Book by William Carlos Williams

Journey to Love was a 1955 Random House book by the American modernist poet/writer William Carlos Williams. He dedicated it to his wife. All of the poems are in triadic stanza form, sometimes "with a short fourth line to fill out the measure."

Journey to Love is now collected, along with Pictures from Brueghel and Other Poems (1962) and The Desert Music and Other Poems (1954), in the New Directions paperback Pictures from Brueghel and other poems by William Carlos Williams: Collected Poems 1950-1962.

==Table of contents==
- "A Negro Woman"
- "The Ivy Crown"
- "View by Color Photography on a Commercial Calendar"
- "The Sparrow"
- "The King!"
- "The Lady Speaks"
- "Tribute to the Painters"
- "To a Man Dying on His Feet"
- "Come on!"
- "The Pink Locust"
- "Classic Picture"
- "Address"
- "The Drunk and the Sailor"
- "A Smiling Dane"
- "Shadows"
- "Asphodel, That Greeny Flower"

=="Asphodel, That Greeny Flower"==
The crowning poem of the collection is "Asphodel, That Greeny Flower," about which entire books have been written. By far the longest piece in the volume at thirty pages, this four-part pastoral love poem was originally envisioned as the fifth book of Paterson. He began writing it in 1952 in the midst of health problems—physical (a heart attack and multiple strokes that left him, among other things, with periods of near-blindness and partially paralyzed, able to type only with one hand) and mental (depression). Facing death, he confessed old adulteries to his wife. In this context, he wrote "one of the most beautiful affirmations of the power of love in—and against—the nuclear age, and one of the few memorable love poems in English written not for a mistress but for a wife." He reviews their life together and states that her forgiveness of him has revived him.

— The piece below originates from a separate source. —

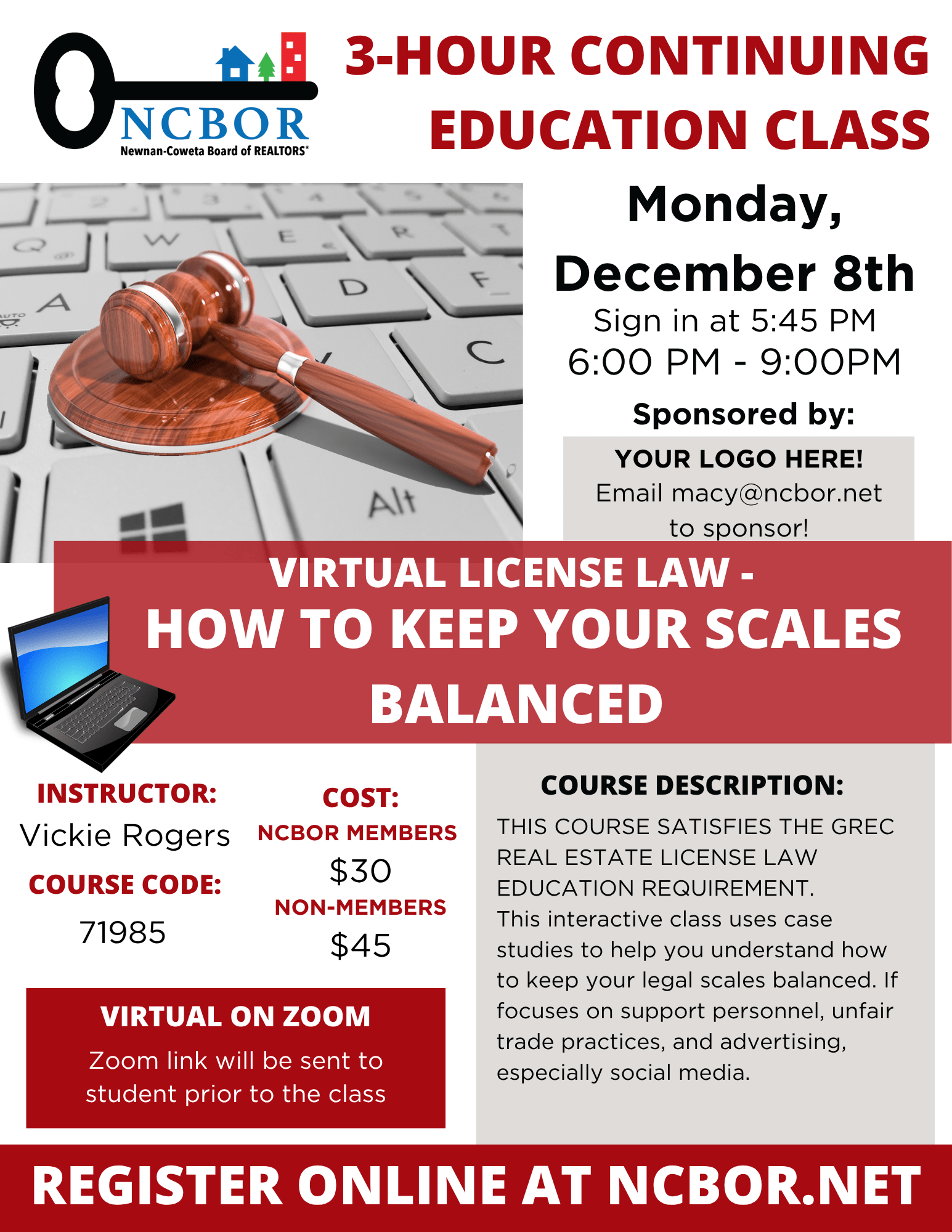 Instructor: Vickie Rogers. "THIS COURSE SATISFIES THE GREC REAL ESTATE LICENSE LAW EDUCATION REQUIREMENT.
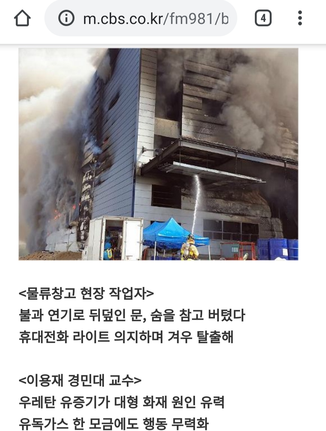 ◇ 김현정> 그런데 교수님, 지난주에 경기도 군포 물류창고 화재. 그 컸어요. 컸고 재산 피해는 200억원이나 났고요. 역시 50여 명의 노동자가 그 건물에 있었습니다. 그런데 인명피해는 나지 않았거든요. 그때와 이번의 차이.

Although hardly the most profound thing in the poem, one section is much quoted:

It is difficult
to get the news from poems

yet men die miserably every day
for lack
of what is found there.

A different excerpt from "Asphodel, That Greeny Flower" was used in the fifth and final movement of The Desert Music, a composition for chorus and orchestra or voices and ensemble by Minimalist composer Steve Reich in 1984.